(Beginning of Study material)

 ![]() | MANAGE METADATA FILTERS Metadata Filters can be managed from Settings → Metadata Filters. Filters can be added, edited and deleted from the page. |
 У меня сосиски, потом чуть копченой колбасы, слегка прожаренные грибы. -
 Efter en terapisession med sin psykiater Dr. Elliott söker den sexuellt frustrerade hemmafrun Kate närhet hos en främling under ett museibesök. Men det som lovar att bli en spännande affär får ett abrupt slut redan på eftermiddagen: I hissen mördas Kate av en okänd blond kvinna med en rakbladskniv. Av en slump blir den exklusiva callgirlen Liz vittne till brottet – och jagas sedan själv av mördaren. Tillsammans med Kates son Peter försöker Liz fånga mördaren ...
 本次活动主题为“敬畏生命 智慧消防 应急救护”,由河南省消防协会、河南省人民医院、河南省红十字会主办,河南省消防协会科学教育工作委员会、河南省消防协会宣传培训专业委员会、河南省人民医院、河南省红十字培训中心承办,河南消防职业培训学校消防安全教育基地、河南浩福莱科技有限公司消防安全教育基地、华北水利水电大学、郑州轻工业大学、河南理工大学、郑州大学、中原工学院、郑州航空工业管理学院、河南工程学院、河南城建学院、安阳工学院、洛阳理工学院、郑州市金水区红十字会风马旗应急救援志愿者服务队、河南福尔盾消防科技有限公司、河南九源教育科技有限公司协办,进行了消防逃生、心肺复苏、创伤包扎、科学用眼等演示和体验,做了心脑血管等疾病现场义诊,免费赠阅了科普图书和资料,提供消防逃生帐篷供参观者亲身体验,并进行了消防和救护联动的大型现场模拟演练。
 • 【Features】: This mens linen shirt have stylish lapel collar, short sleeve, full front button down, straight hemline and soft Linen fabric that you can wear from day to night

(End of Study material)
(Beginning of Study material)

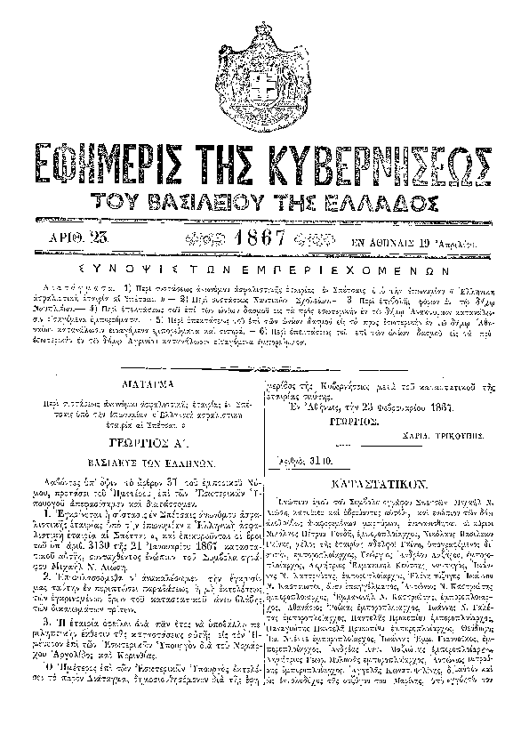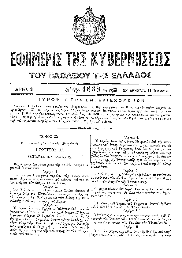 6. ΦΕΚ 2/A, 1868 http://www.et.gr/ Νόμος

(End of Study material)
(Beginning of Study material)

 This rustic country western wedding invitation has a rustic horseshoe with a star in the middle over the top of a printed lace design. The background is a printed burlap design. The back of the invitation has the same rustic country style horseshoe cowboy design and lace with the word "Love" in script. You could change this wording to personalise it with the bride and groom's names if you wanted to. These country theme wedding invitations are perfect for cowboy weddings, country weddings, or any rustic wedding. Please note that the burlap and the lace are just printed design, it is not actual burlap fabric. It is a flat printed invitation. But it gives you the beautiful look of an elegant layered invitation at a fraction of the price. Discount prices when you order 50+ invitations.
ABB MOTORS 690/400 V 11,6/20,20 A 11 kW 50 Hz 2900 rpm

(End of Study material)

_Your goal:_ Which lines in the data above hold the string "from"? Show each one.

_Result for this exercise:_
 ![]() | MANAGE METADATA FILTERS Metadata Filters can be managed from Settings → Metadata Filters. Filters can be added, edited and deleted from the page. |
 • 【Features】: This mens linen shirt have stylish lapel collar, short sleeve, full front button down, straight hemline and soft Linen fabric that you can wear from day to night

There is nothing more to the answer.